Ah, the sixties. well, I lived then, but like a lot of people not in
the “in”crowd, I was too busy in medical school and internship to have
the experience of “the sixties”, except for treating drug overdoses,
botched abortions and the STD’s of our local love children.
Bruce Springsteen has a story song “Glory days”.
Wright, and indeed much of the aging anti war movement, is about
reliving their “glory days”. Some of the sixties was good: racial
equality, rejecting materialism and volunteering to help people. But
without the balance of emphasizing personal responsibility for one’s
own life and actions, the sixties deteriorated into the hedonism and
drug taking of the seventies, and the destruction of the family by a
sexual ethic that no longer recognized the idea of responsibility and
duty.
I am not impressed with the “megachurch” phenomenum. Too often this
means glorifying the minister instead of God. We are told Rev. Wright’s
church has 8000 members but that it also has lots of social ministries:
Trinity United Church of Christ’s ministry is inclusive
and global. The following ministries have been developed under Dr.
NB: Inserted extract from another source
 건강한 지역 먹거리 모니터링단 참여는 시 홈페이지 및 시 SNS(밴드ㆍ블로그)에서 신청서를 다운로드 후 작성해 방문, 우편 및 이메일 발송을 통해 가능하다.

Wright’s ministerial tutelage for social justice: assisted living
facilities for senior citizens, day care for children, pastoral care
and counseling, health care, ministries for persons living with
HIV/AIDS, hospice training, prison ministry, scholarships for thousands
of students to attend historically black colleges, youth ministries,
tutorial and computer programs, a church library, domestic violence
programs and scholarships and fellowships for women and men attending
seminary.
Very impressive. Of course, a lot of megachurches do the same, and
even the average Chicago Catholic parish sponsors most of these things,
either in the parish or in cooperation with the diocese, so it’s not
like he is alone.
And I wonder about a scandal driven media who take a few phrases out
of context (?) to villify a good pastor without praising the fruits of
the good reverend’s life.
But I do have a problem with Obama’s pastor.One problem of being
stuck in the sixties is that one sees reality through the glasses of a
rigid ideology.
For example, one of the political actions of the church was to encourage the city council to stop Walmart.
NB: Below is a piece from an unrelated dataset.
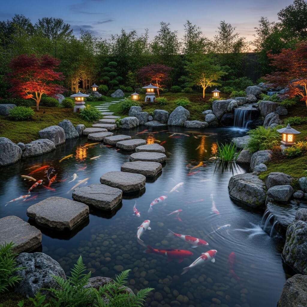 The pond shouldn’t exist in isolation—it’s the centerpiece of your entire garden design. Create gravel pathways leading to viewing areas, add a traditional bridge if space allows, incorporate stone lanterns and bamboo accents. Think of the pond as the heart with everything else radiating outward.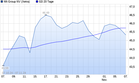 Mit dem Rücksetzer auf 45,58 EUR hat die NN Group-Aktie am 06.11.2024 die 20-Tage-Linie nach unten gekreuzt.Die NN Group-Aktie befindet sich seit dem 29.11.2023 im langfristigen Aufwärtstrend ...weiterlesen

Rich people hate Walmart, which pays lousy wages and undercuts a lot of small shops.
But, for poor rural people, the opportunity to go to a Walmart and
buy cheap and good quality goods nearby at one stop is a blessing.
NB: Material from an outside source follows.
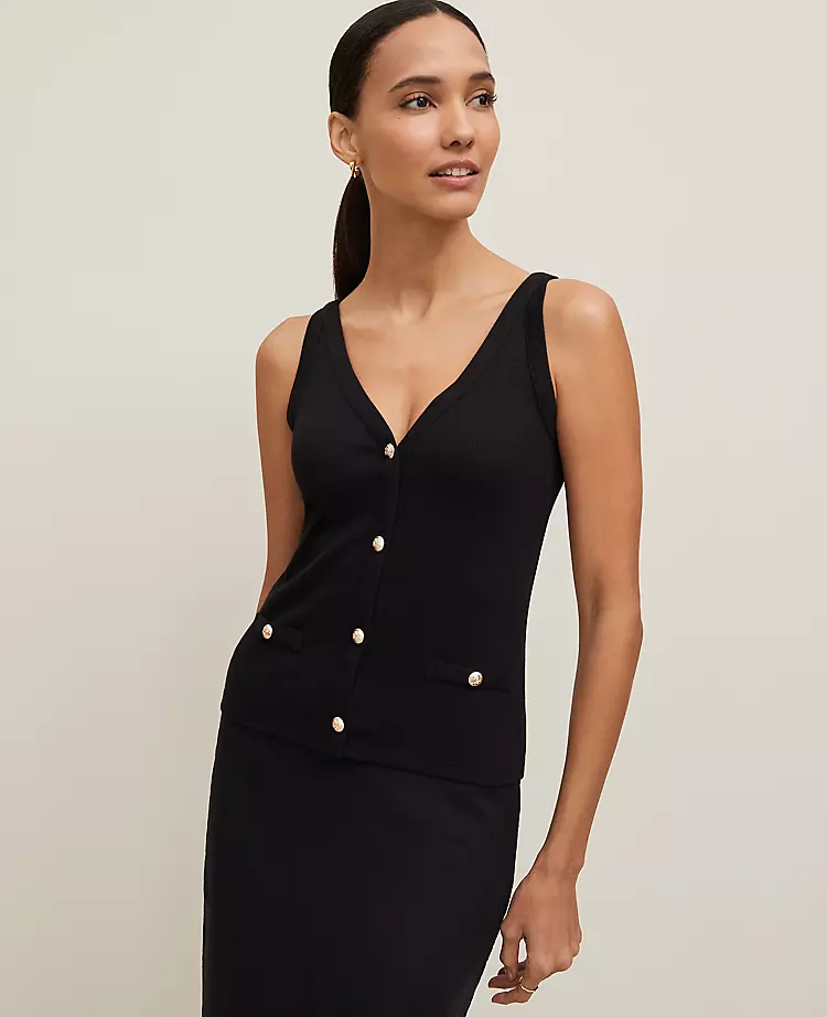 Elevate your everyday wardrobe with this sophisticated petite tank top, designed to solve the struggle of finding the perfect fit for smaller frames. Combining a textured soft-knit feel with a sleek black finish, this versatile staple offers a flattering silhouette that works beautifully as a standalone piece or a polished base layer.

In the city, yes, there are local shops. But the prices are higher,
and the choices are limited. The sidewalks are icy, and your purse
might be stolen if you were old or looked like you wouldn’t fight back.
So my neighbors would spend five dollars to take a taxi to the bulk
grocery store to buy goods. Wouldn’t they also benefit from a Walmart,
where they could buy other goods they need (clothing, school supplies)
at lower prices?
So, do you as a pastor encourage stores so your people can afford to
buy the goods they need, or do you follow the left wing ideology that
says bad big business?
Let’s not let reality get in the way of our ideology.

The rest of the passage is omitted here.